Tuesday, July 03, 2012




I worked my way out of two jobs, happily.

During the 50s and 60s I was active in the civil rights movement for African-Americans. In sermons, writing and conversation I stood for full freedom for all people, no matter what their race or creed. I became especially active in the 60s. A group of San Francisco clergy joined 500 others and were arrested in a sit-in at a Cadillac agency which did not hire any one but white men. The Congress of Racial Equality (CORE) and the National Association of Colored People (NAACP) supported the picketing and sit-ins.

The same group of Episcopal priests, the late Don Ganoung, Lane Barton, Barry Bloom and I joined other San Francisco Clergy flying to Selma, Alabama, in response to Martin Luther King’s appeal for church support after the brutal beating of marchers who attempted to go from Selma to Montgomery, Alabama on a peaceful march for racial justice. Thousands of clergy and lay people from around the country came to Selma to participate in the march. Here is the Wikipedia selection about the marches.

The Selma to Montgomery marches were three marches in 1965 that marked the political and emotional peak of the American civil rights movement. They grew out of the voting rights movement in Selma, Alabama, launched by local African-Americans who formed the Dallas County Voters League (DCVL). In 1963, the DCVL and organizers from the Student Nonviolent Coordinating Committee (SNCC) began voter-registration work. When white resistance to Black voter registration proved intractable, the DCVL requested the assistance of Martin Luther King, Jr. and the Southern Christian Leadership Conference, who brought many prominent civil rights and civic leaders to support voting rights.
The first march took place on March 7, 1965 — "Bloody Sunday" — when 600 civil rights marchers were attacked by state and local police with billy clubs and tear gas.
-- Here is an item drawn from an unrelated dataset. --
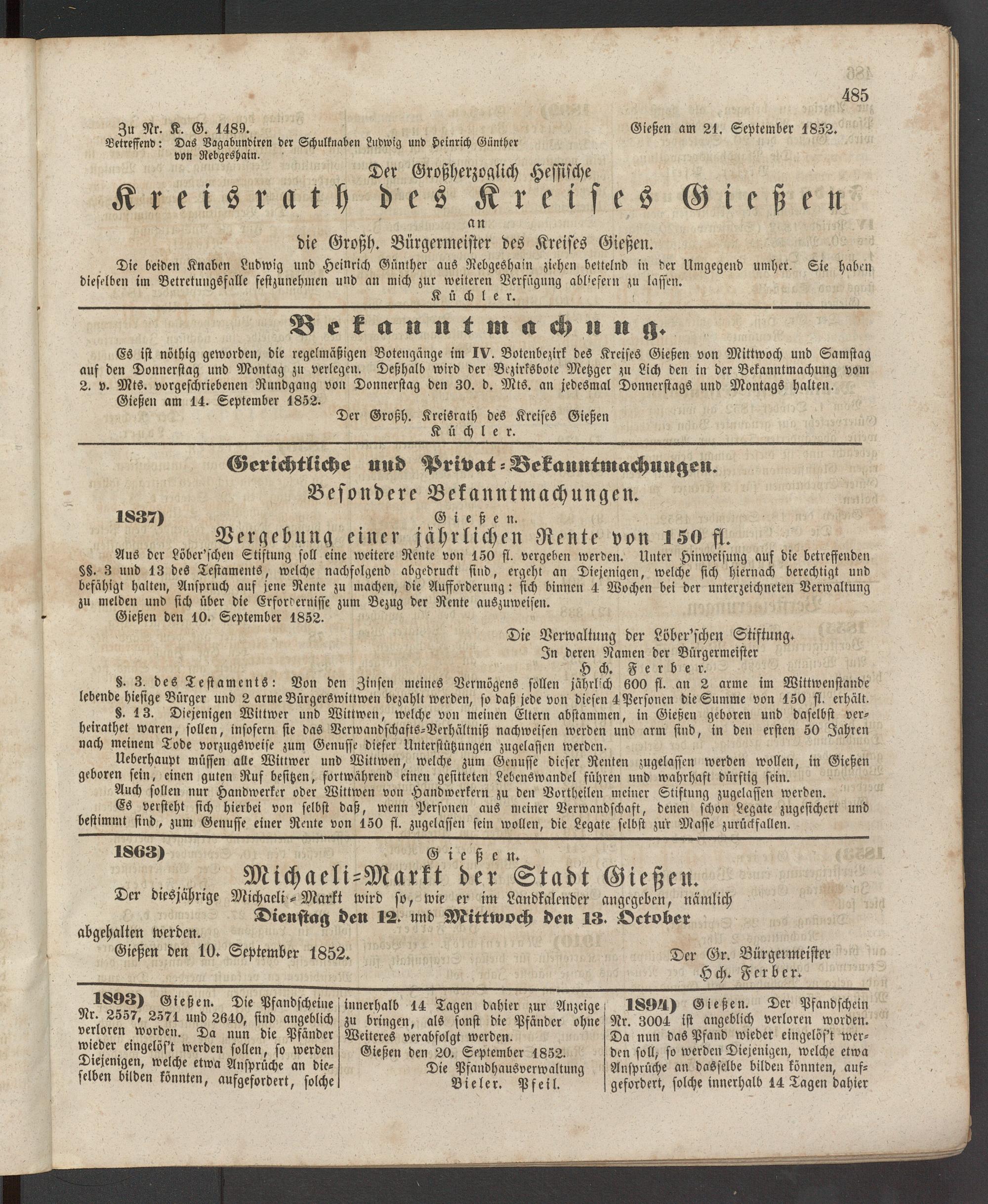 Anzeigeblatt für die Provinzialhauptstadt Gießen. 1840-1867

The second march, the following Tuesday, resulted in 2,500 protesters turning around after crossing the Edmund Pettus Bridge.
The third march started March 16. The marchers averaged 10 miles (16 km) a day along U.S. Route 80, known in Alabama as the "Jefferson Davis Highway". Protected by 2,000 soldiers of the U.S. Army, 1,900 members of the Alabama National Guard under Federal command, and many FBI agents and Federal Marshals, they arrived in Montgomery on March 24, and at the Alabama State Capitol on March 25.[1]
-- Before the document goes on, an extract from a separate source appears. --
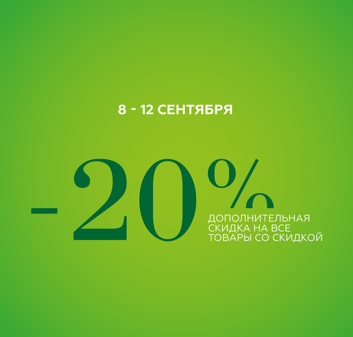 Дарим дополнительную скидку 20% на товары со скидкой с 26 по 30 августа!

I was involved in the March 7, 1965 March. Barry Bloom and others went on the whole march.

After these events, I served on the Board of Directors of the San Francisco branch of the NAACP for a term. I spoke at many churches, was interviewed on radio and television.
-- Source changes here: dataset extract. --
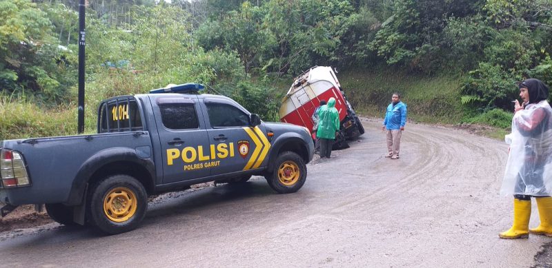” Iya benar, Truk Tangki bermuatan Minyak Sawit mentah Perjalanan dari arah Cikajang berpapasan dengan Mobil jenis truk juga, sehingga jalan semakin sempit, tanpa di sadari ban belakang truk tanki tersebut terperosok di tikungan sebelah kiri Jalan kemudian mobil truk tengki tersebut menutup setengah badan jalan, Kondisi pada saat kejadian malam hari sekira Pukul 23.00 WIB dan cuaca lagi Hujan deras.”, ungkap Kapolsek Cikajang Iptu Sularto (doc Humas Polres Garut).

Soon the Black Panthers and more radical groups grew into prominence. It became clear that the role of white people was seen by some as interfering in the business of African-Americans. But what was even clearer was that black people became more powerful and wanted to be in complete charge of running the future of the movement. That of course was entirely appropriate.

But it took a while for this to sink into my consciousness. I had seen myself as an activist. I was a little sad to realize it was better for black people to give the speeches and interviews and tell their stories of the struggle. So that was the first time I had worked my way out of a job.

The second time was after my involvement with the gay rights movement. In 1964 I was invited to a conference with ten clergy and ten LGBT men and women. We got to know each other as human beings, listened to our stories and walked in the woods, ate some meals and built trust. From that meeting came the founding of San Francisco’s Council on Religion and the Homosexual. A New Year’s party was  given as a fundraiser for CRH. The police invaded the costume ball. We clergy called a press conference denouncing the police action. At the trial of a few gay men who had been arrested at the ball, the judge dismissed the case and castigated the police for invading the ball. One of the results of those events was that police no longer invaded gay bars and harassed gay men on the streets.

Again I appeared on radio and televisions, as it was most unusual for a cleric to defend homosexuals. As time went on more and more gays and lesbians came out of the closet and spoke for themselves. Gradually the need for straight people to defend and speak for gay people became unnecessary. It was sad in a way to move out of the limelight and let others speak for themselves. But it was meet and right so to do.

Now I am involved in the peace movement. I write and stand vigil against the wars in Iraq and Afghanistan, it will be a long time before our voices will not be necessary against violence and for peace.